Let's look at some of the pros and cons of each approach.

Cloud-based Web Scraping

Pros

  • If it’s a true cloud-based service, it can run from any OS and any browser.
  • You don’t have to host anything yourself. Everything is done in the cloud.
  • All the website page views, data normalization, and transformation gets handled on someone else’s server.
  • Web proxy requirements are managed for you.
  • True cloud solutions are machine independent – they can be accessed and run without install from any PC with Internet access around the world.

Cons

  • Ongoing monthly fees linked to the amount of data you extract.
  • As your web-scraping needs grow, it can get very expensive. These can quickly outweigh the price of buying your own software.
  • Most cloud-based solutions on the market today require a download file to your machine or a browser extension to work. So they are not platform independent or machine independent.
  • Complex websites (e.g. those using AJAX or heavy JavaScript) often can’t be handled by true cloud solutions.
  • Data security may be an issue.
  • If the provider shuts down (e.g. Kimono Labs) your business operations can be impacted and your data lost (i.e. limited timeline given to access you data).
  • There will be restrictions applied on what websites you can download data from.
  • Data for collection is usually only available to users in document format (i.e. Excel, XML or CSV files) or through an API, and not able to be directly fed through to a database.
  • Some of the free “automatic” cloud-based offerings fail miserably on non-basic websites. They give you limited control over the data extraction and really only serve the purpose to get your “foot in the door” and introduce you to a paid service.

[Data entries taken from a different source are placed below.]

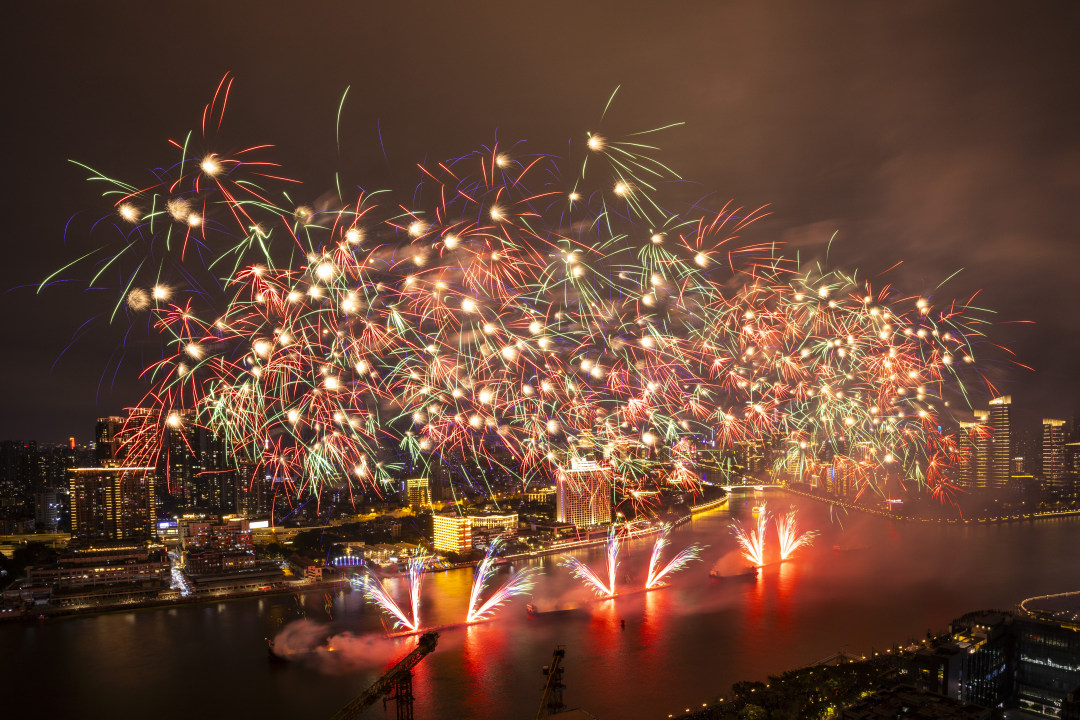 第一篇章“粤彩飞扬 潮涌新篇”,以烟花描绘高质量发展斑斓画卷。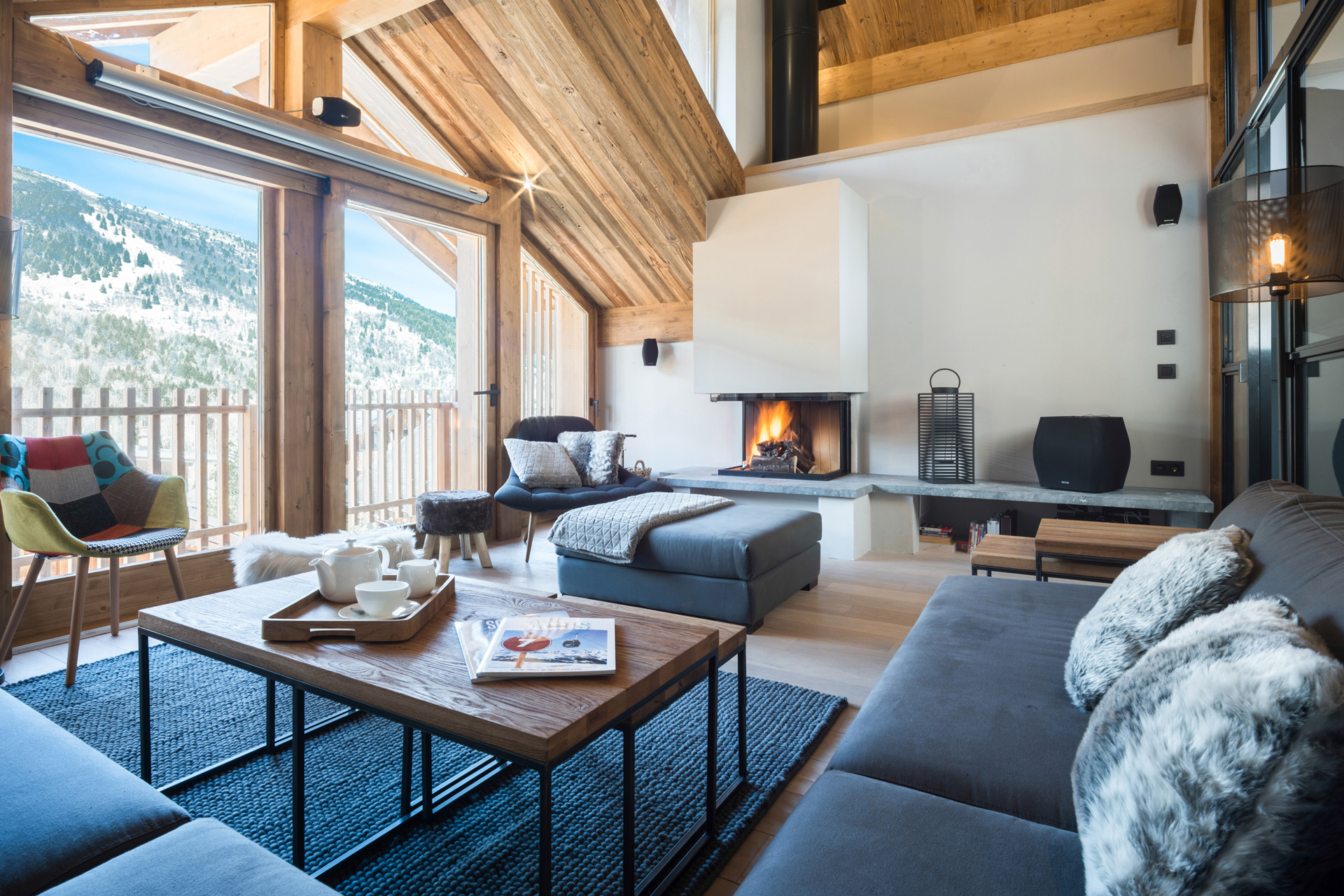 The living area is located on the top floor of the property, featuring plush, L-shaped sofas arranged around a cosy fireplace and a cinema projector screen—perfect for movie nights. Chalet Caro also offers a ski room, a landscaped garden and two parking spaces.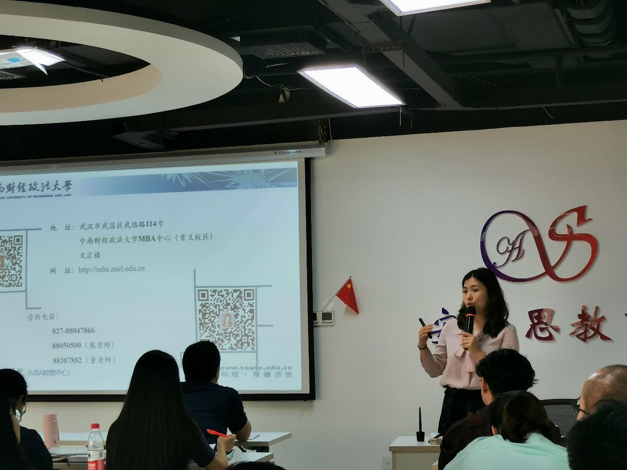 再次,18日最后一场宣讲会在下午16:30开始,我校MBA教育特色课程设计和精彩校园生活吸引了考生的关注,很多考生表达了想报考我校MBA和EMBA的想法,并就备考相关事宜积极提问,熊老师均进行了答疑。会后,很多备考考生关注了我校MBA教育中心公众号。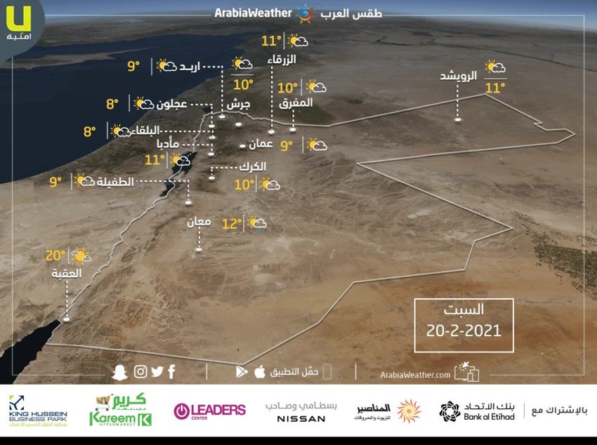 درجة الحرارة العظمى المتوقعة في العقبة: °20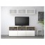 БЕСТО Шкаф для ТВ, комбин/стеклян дверцы - под беленый дуб/Сельсвикен глянцевый/белый матовое стекло, направляющие ящика,нажимные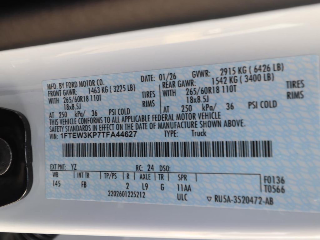 18" Painted Aluminum Wheels, 360 Degree Camera, 400W Pro Power Onboard (cab & Bed), 6" Black Running Boards, Adaptive Cruise Control with Stop and Go, Auto-Dimming Rear-View Mirror, Black Exterior Badging, Black Grille, Black Platform Running Boards, BlueCruise (equipment + 1 Year + 90-Day Plan), Body-Color Door Handles, Body-Color Front and Rear Bumpers, Chrome Front and Rear Bumpers, Cloth 40/20/40 Front Seat, Dark Interior Appliques, Dual-Zone Electronic Automatic Temperature Control, Electronic Locking with 3.55 Axle Ratio, Equipment Group 302A Mid, Ford Co-Pilot360 Assist 2.0, Ford Connectivity Package (1-Year Included), Front Parking Sensors, GVWR: 6,426 lbs Payload Package, Heated and Cooled front seats, Intelligent Access with Push Button Start, Power Glass Heated Sideview Mirrors, Power-Sliding Rear Window, Radio: AM/FM Stereo with SiriusXM 360L, Remote Start System with Remote Tailgate Release, SYNC 4 with Enhanced Voice Recognition, Towing Technology, Unique Sport Cloth 40/Console/40 Front-Seats, Wheels: 18" Gloss Black, Wrapped Steering Wheel, XLT Black Appearance Package.

PC/Server-based Web Scraping

Pros

  • One time up-front license fee.
  • No monthly fees linked to the amount of data you extract.
  • No restrictions on what websites you can scrape data from.
  • No restrictions on the amount of data you can download.
  • Data can be saved to your own database including existing database structures.
  • Data can be saved to your own websites real-time.
  • Ability to integrate with third party applications via API and or web services.
  • You can manage your own data security.

Cons

  • Need to host the web scraping agents.
  • May need to manage proxies to deal with website blocking.

Summary

In general a cloud-based solution is a good choice for individuals or organizations wanting to try out web scraping and understand how it works. If your data extraction needs are limited and from non-complicated websites, then this service (particularly the free service – if it works) is ideal for you.

If you are expecting your data extraction needs to grow and you want greater control over your data and what websites you can scrape data from, then a PC/Server software solution is a better choice – both technically and financially.